Людовик бросил на нее бешеный взгляд.
— Вы мне советуете отречься от престола?
— О сир, как вы могли подумать?..
Старый монарх махнул рукой и опустил голову на грудь.
— Если бы я и решился отказаться от тревог и забот власти, на кого бы я взвалил ее, боже правый?!.. Герцог Бургундский еще недостаточно созрел, чтобы править, Небо отняло у меня великого дофина…
— Сир, у вас есть другие дети.
— Да, ваши бывшие воспитанники, герцог дю Мэн и граф Тулузский… Но мадам, ваши труды по их воспитанию не сотрут пятна их рождения.
— У вас есть друзья, люди, служащие вам верой и правдой, советчики, жена, наконец…
— У владык не бывает друзей, у них есть только лакеи… У них нет советчиков, есть только люди, заинтересованные их обманывать. Что касается жены…

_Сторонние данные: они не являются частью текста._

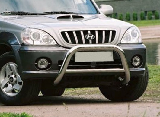 Передняя решетка Hyundai Terracan (кенгурятник) – это защитная дуга на бампер из нержавеющей стали диаметром 76 мм.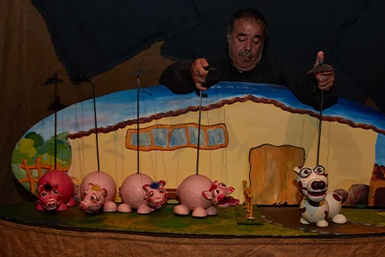 Amanit amb cançons i molt humor, en aquest espectacle coneixerem també en Manolito, el granger titellaire, Papacerdo i el gos lladrador; recordant-li al públic que els contes, cada vegada que es conten, són diferents.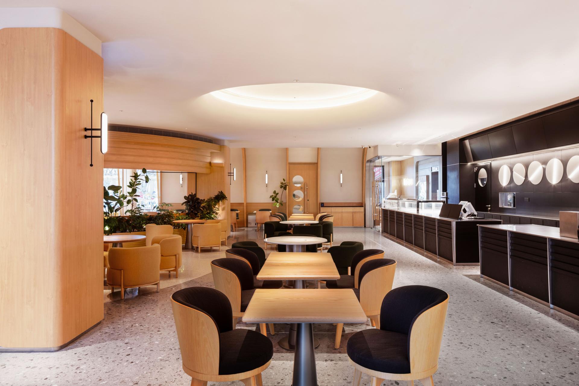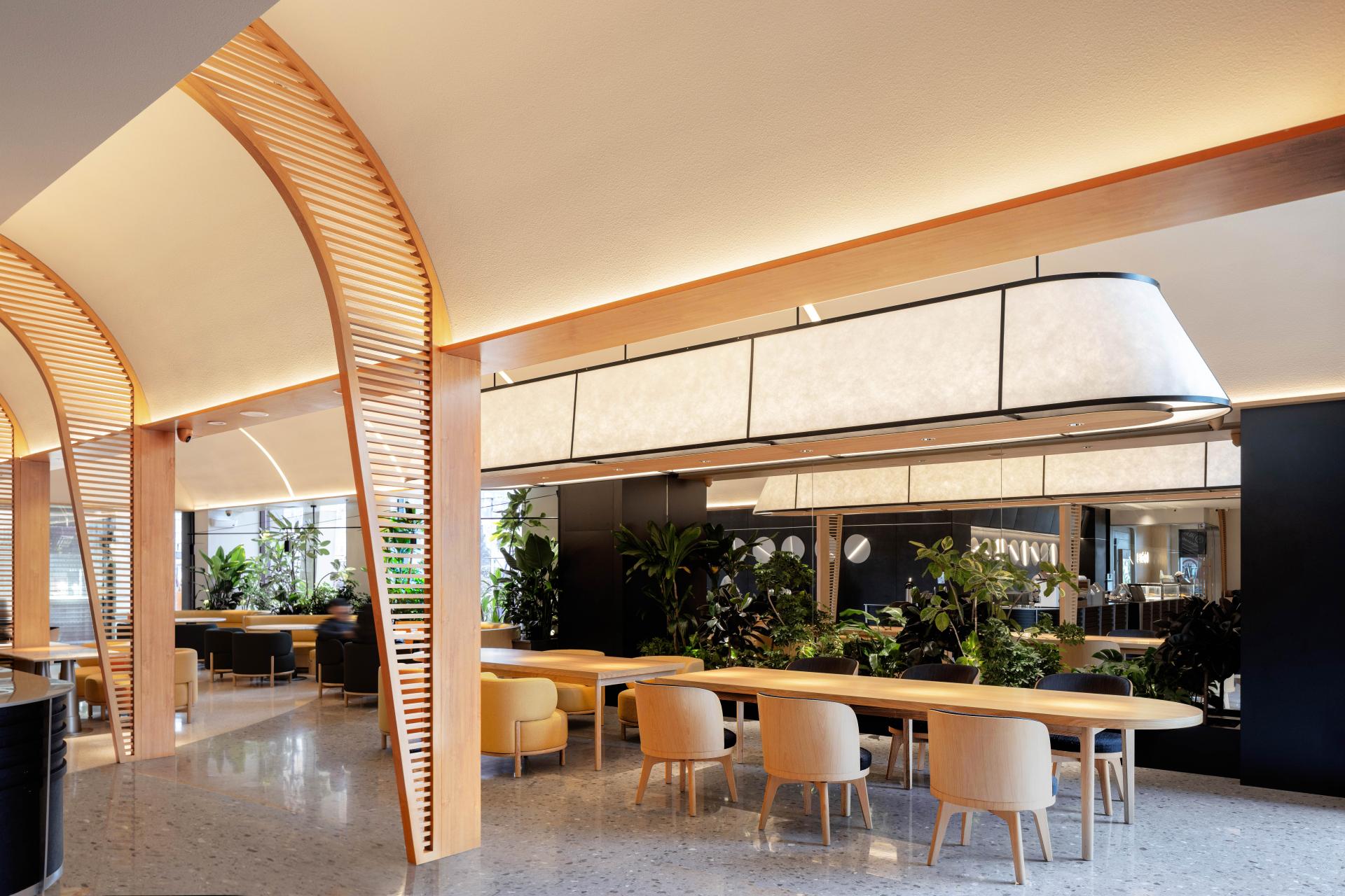 The bar is built like a stage: matte-black track spots pin the barista’s pour-over ritual in a cone of light. Seating unfolds in three movements—window-side stools for solo laptop sessions, a central communal oak table that can split or extend, and a sunken lounge layered with Moroccan rugs and floor lamps ready to turn any evening into a salon. After dark, 2700-Kelvin amber light throws dappled shadows from the greenery, turning the room into a breathing greenhouse hidden inside the city’s concrete heart.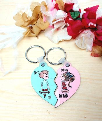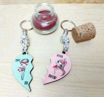Conjunto de dos llaveros de madera en forma de corazón partido.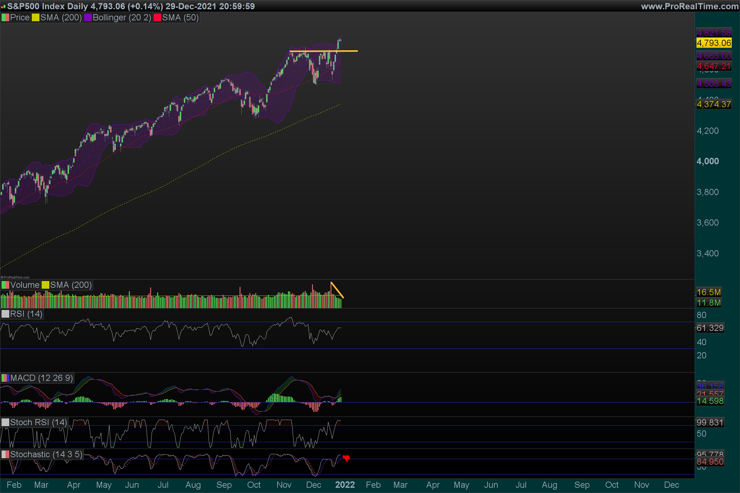 - média móvel exponencial dos 50 dias nos 4571.08 pts.

— Осмелитесь утверждать, что она не верная и преданная ваша подруга?
— Преданная своему честолюбию и гордыне. Такая же верная, как угрызения совести у преступника…
Мадам де Ментенон встрепенулась и зашипела:
— Ну что ж, пусть будет так. Оскорбляйте меня, сир! Оскорбляйте ту, единственной целью которой было заставить уважать себя, ту, которая работала день и ночь над совершенствованием своей души в учении и молитвах. Ту, что старалась примирить с собой ваше величество, создав лучшую жизнь, прежде чем вы познаете блаженство жизни вечной… Ту, что освободила двор от всех нечистот и благодаря которой Людовик Великий стал Людовиком Безупречным… Поистине вам есть на что сетовать!.. Думаете, что мое счастье равно положению? — Она поднесла платок к глазам. — Супруга за ширмой, не признаваемая тем, кто должен ее оберегать, принявшая на себя скрытую вражду знати, так и не простившей ей этого странного возвышения, принявшая на себя ненависть народа, видящего в ней только фаворитку. В Версале меня называют его преосвященством в юбке, в Париже мажут грязью дверцы моего экипажа…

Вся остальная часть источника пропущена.